(Beginning of GIVEN RECORDS)

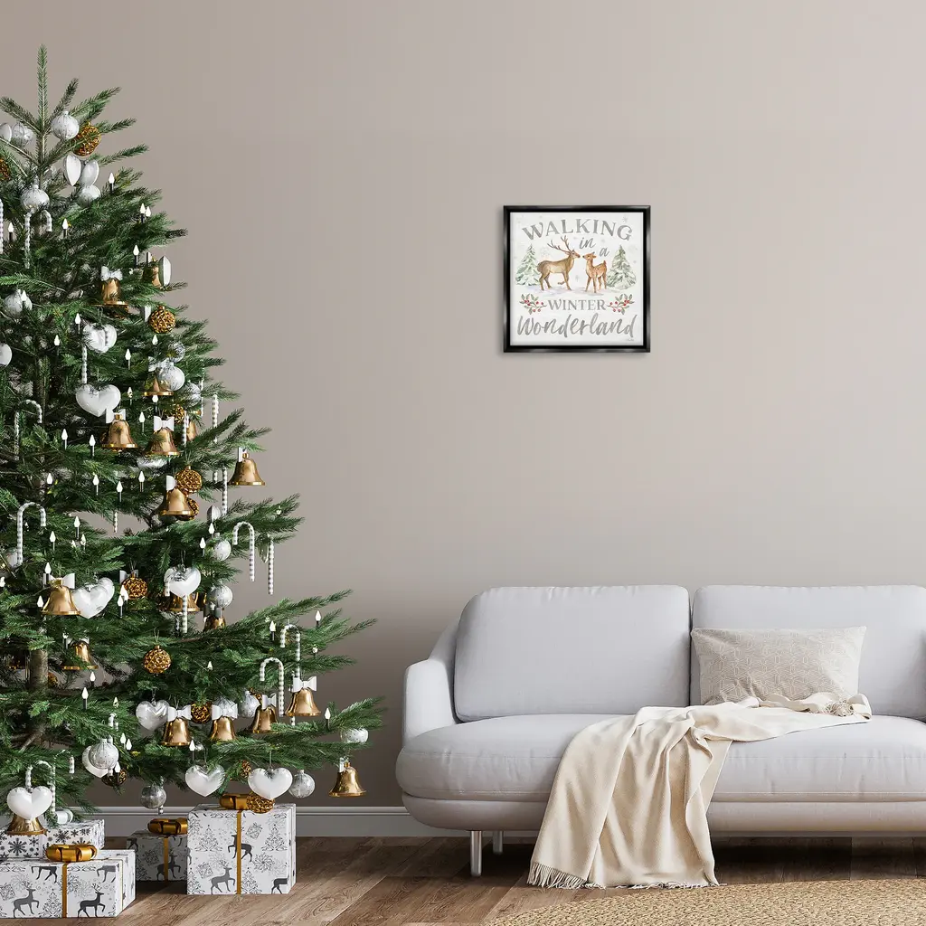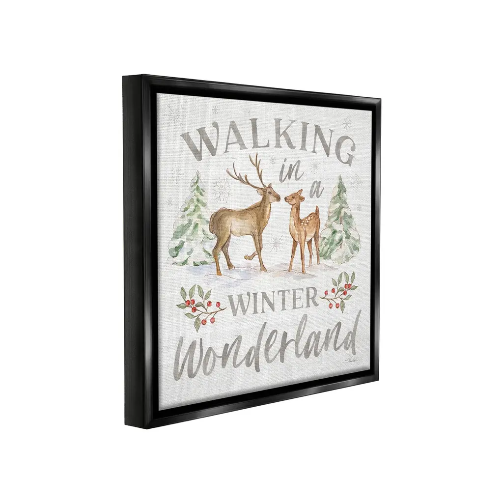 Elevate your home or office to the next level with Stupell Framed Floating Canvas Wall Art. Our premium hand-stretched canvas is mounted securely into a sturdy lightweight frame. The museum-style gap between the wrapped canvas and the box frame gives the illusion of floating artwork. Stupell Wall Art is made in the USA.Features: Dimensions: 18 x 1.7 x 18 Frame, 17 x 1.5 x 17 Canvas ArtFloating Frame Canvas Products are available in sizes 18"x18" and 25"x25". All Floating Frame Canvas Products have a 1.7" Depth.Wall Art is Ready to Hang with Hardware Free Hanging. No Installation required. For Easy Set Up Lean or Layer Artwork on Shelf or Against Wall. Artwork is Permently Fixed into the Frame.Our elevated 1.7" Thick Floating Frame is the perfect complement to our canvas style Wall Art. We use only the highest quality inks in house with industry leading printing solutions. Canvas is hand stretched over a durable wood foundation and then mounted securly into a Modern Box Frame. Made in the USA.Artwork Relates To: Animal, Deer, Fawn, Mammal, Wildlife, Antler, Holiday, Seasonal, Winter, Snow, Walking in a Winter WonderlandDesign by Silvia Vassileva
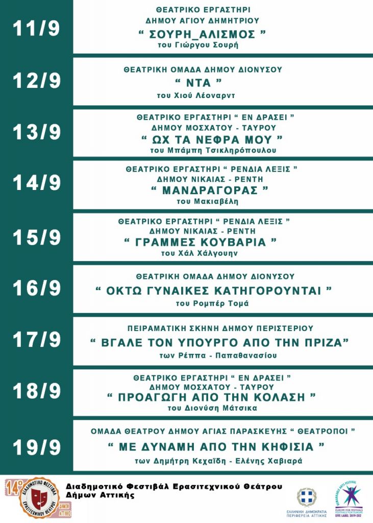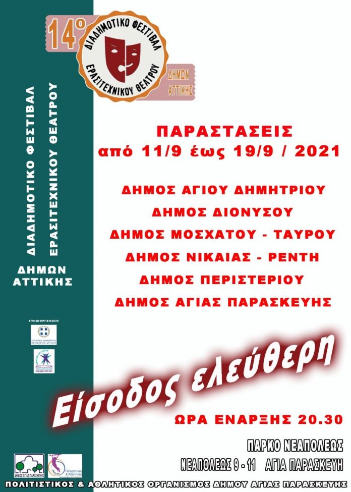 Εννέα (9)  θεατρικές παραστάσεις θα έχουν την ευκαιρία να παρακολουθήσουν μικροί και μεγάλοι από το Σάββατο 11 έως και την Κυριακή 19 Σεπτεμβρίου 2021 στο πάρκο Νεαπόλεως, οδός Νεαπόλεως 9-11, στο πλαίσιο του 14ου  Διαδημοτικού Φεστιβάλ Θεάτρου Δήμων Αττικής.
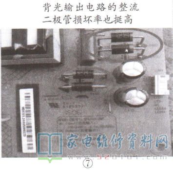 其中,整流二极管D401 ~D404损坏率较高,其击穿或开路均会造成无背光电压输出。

(End of GIVEN RECORDS)
(Beginning of GIVEN RECORDS)

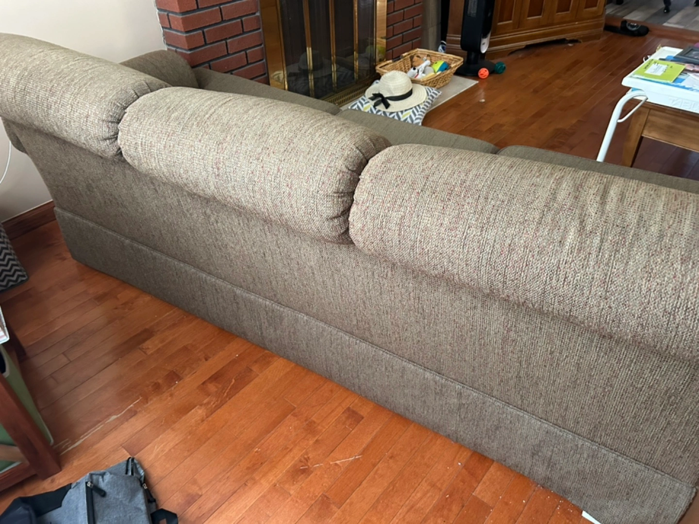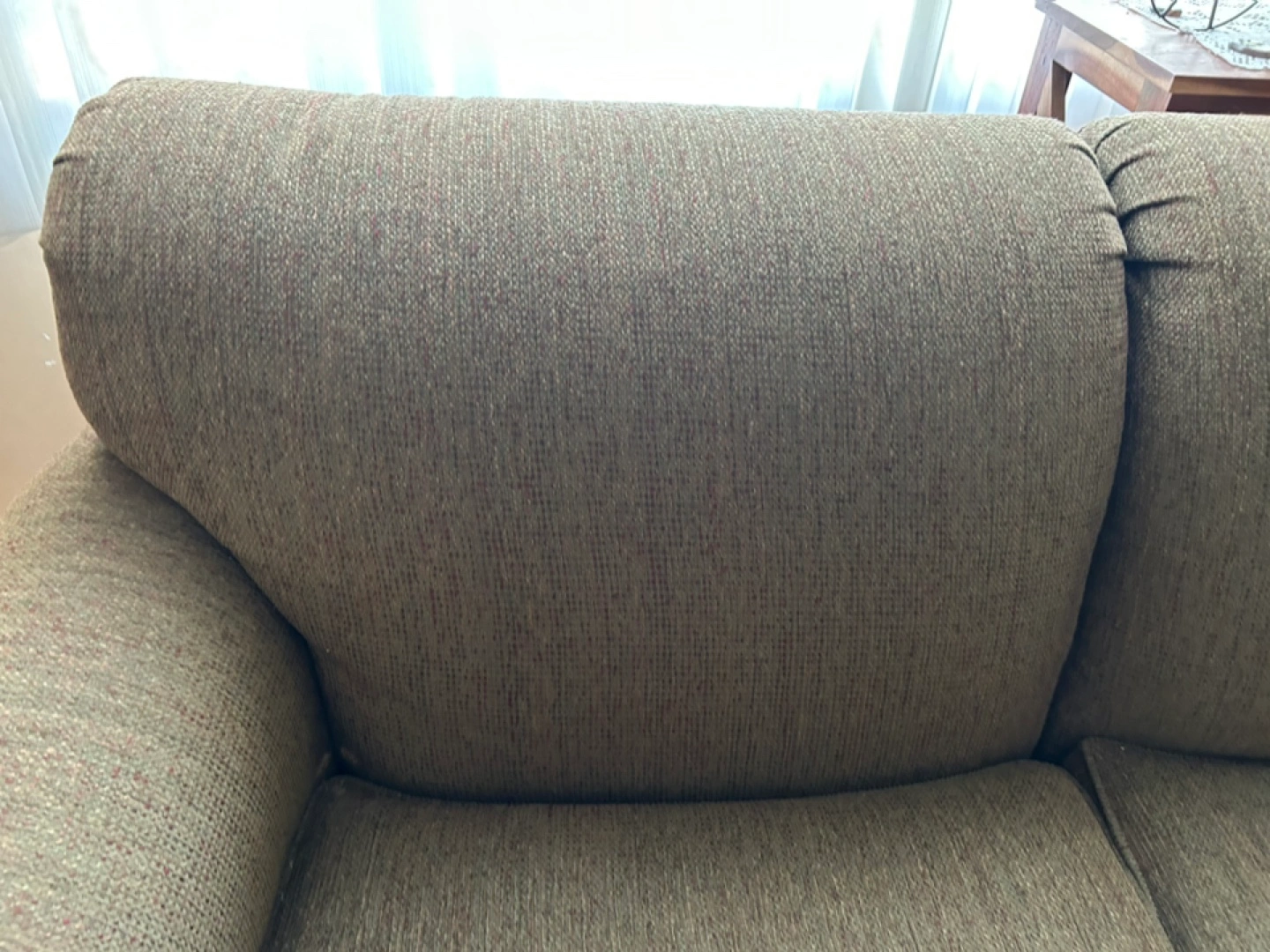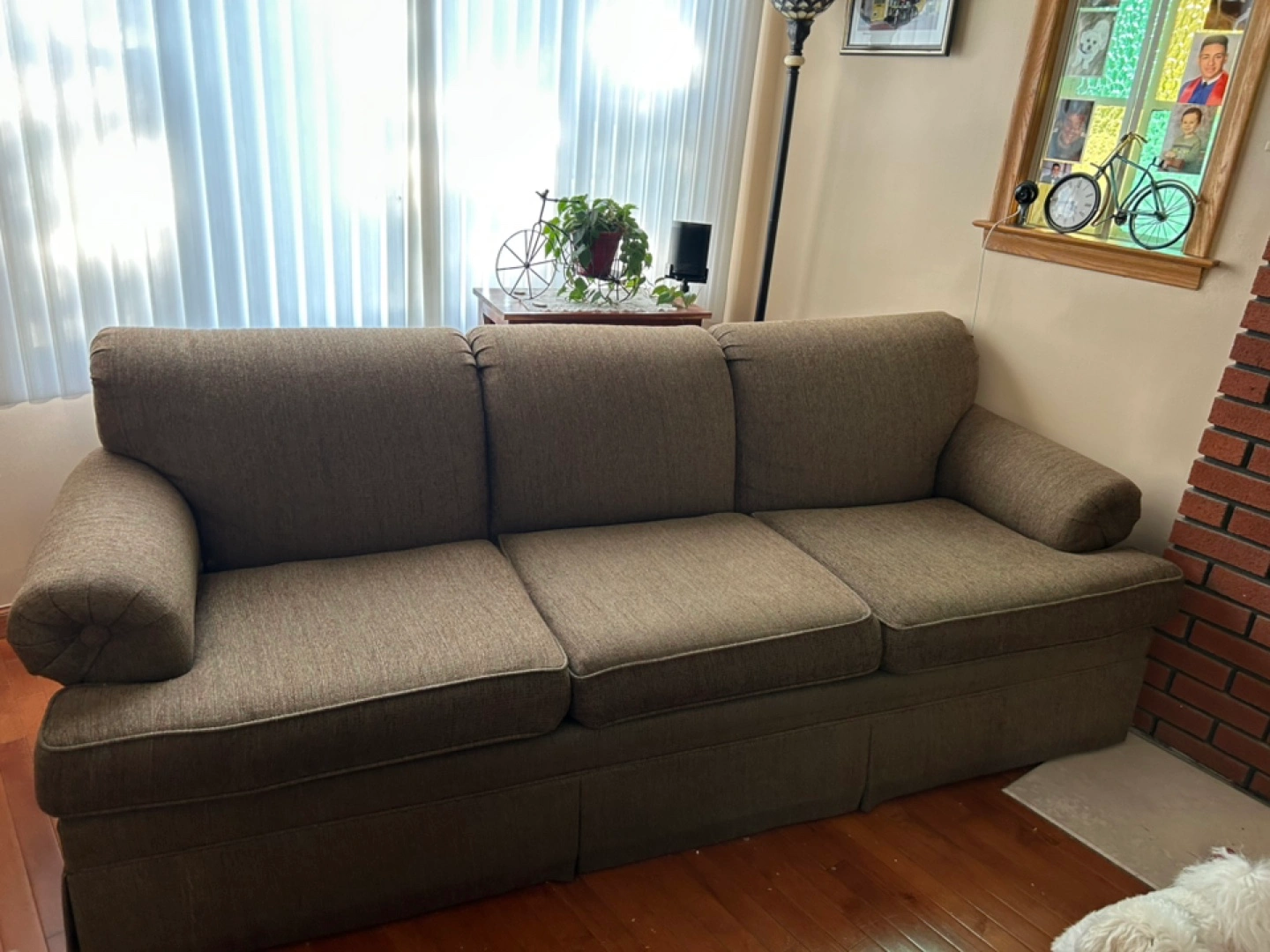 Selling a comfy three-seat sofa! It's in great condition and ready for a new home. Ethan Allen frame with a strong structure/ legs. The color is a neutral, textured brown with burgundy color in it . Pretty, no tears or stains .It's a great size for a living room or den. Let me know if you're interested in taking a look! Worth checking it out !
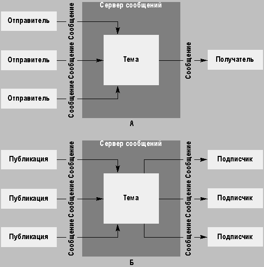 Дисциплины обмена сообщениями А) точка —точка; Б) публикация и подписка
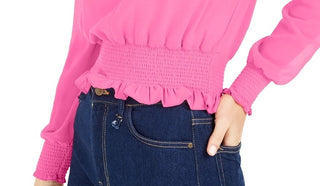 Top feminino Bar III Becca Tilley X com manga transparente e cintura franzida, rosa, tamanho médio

(End of GIVEN RECORDS)

• _WORK TO BE COMPLETED_: Although pictures appear among the records above, write out exactly only the lines from the one that has "Elevate your home" through the one that has "其中,整流二极管D401 ~", and leave the pictures out.

• _OUTPUT OF THE EXERCISE_:
 Elevate your home or office to the next level with Stupell Framed Floating Canvas Wall Art. Our premium hand-stretched canvas is mounted securely into a sturdy lightweight frame. The museum-style gap between the wrapped canvas and the box frame gives the illusion of floating artwork. Stupell Wall Art is made in the USA.Features: Dimensions: 18 x 1.7 x 18 Frame, 17 x 1.5 x 17 Canvas ArtFloating Frame Canvas Products are available in sizes 18"x18" and 25"x25". All Floating Frame Canvas Products have a 1.7" Depth.Wall Art is Ready to Hang with Hardware Free Hanging. No Installation required. For Easy Set Up Lean or Layer Artwork on Shelf or Against Wall. Artwork is Permently Fixed into the Frame.Our elevated 1.7" Thick Floating Frame is the perfect complement to our canvas style Wall Art. We use only the highest quality inks in house with industry leading printing solutions. Canvas is hand stretched over a durable wood foundation and then mounted securly into a Modern Box Frame. Made in the USA.Artwork Relates To: Animal, Deer, Fawn, Mammal, Wildlife, Antler, Holiday, Seasonal, Winter, Snow, Walking in a Winter WonderlandDesign by Silvia Vassileva
 Εννέα (9)  θεατρικές παραστάσεις θα έχουν την ευκαιρία να παρακολουθήσουν μικροί και μεγάλοι από το Σάββατο 11 έως και την Κυριακή 19 Σεπτεμβρίου 2021 στο πάρκο Νεαπόλεως, οδός Νεαπόλεως 9-11, στο πλαίσιο του 14ου  Διαδημοτικού Φεστιβάλ Θεάτρου Δήμων Αττικής.
 其中,整流二极管D401 ~D404损坏率较高,其击穿或开路均会造成无背光电压输出。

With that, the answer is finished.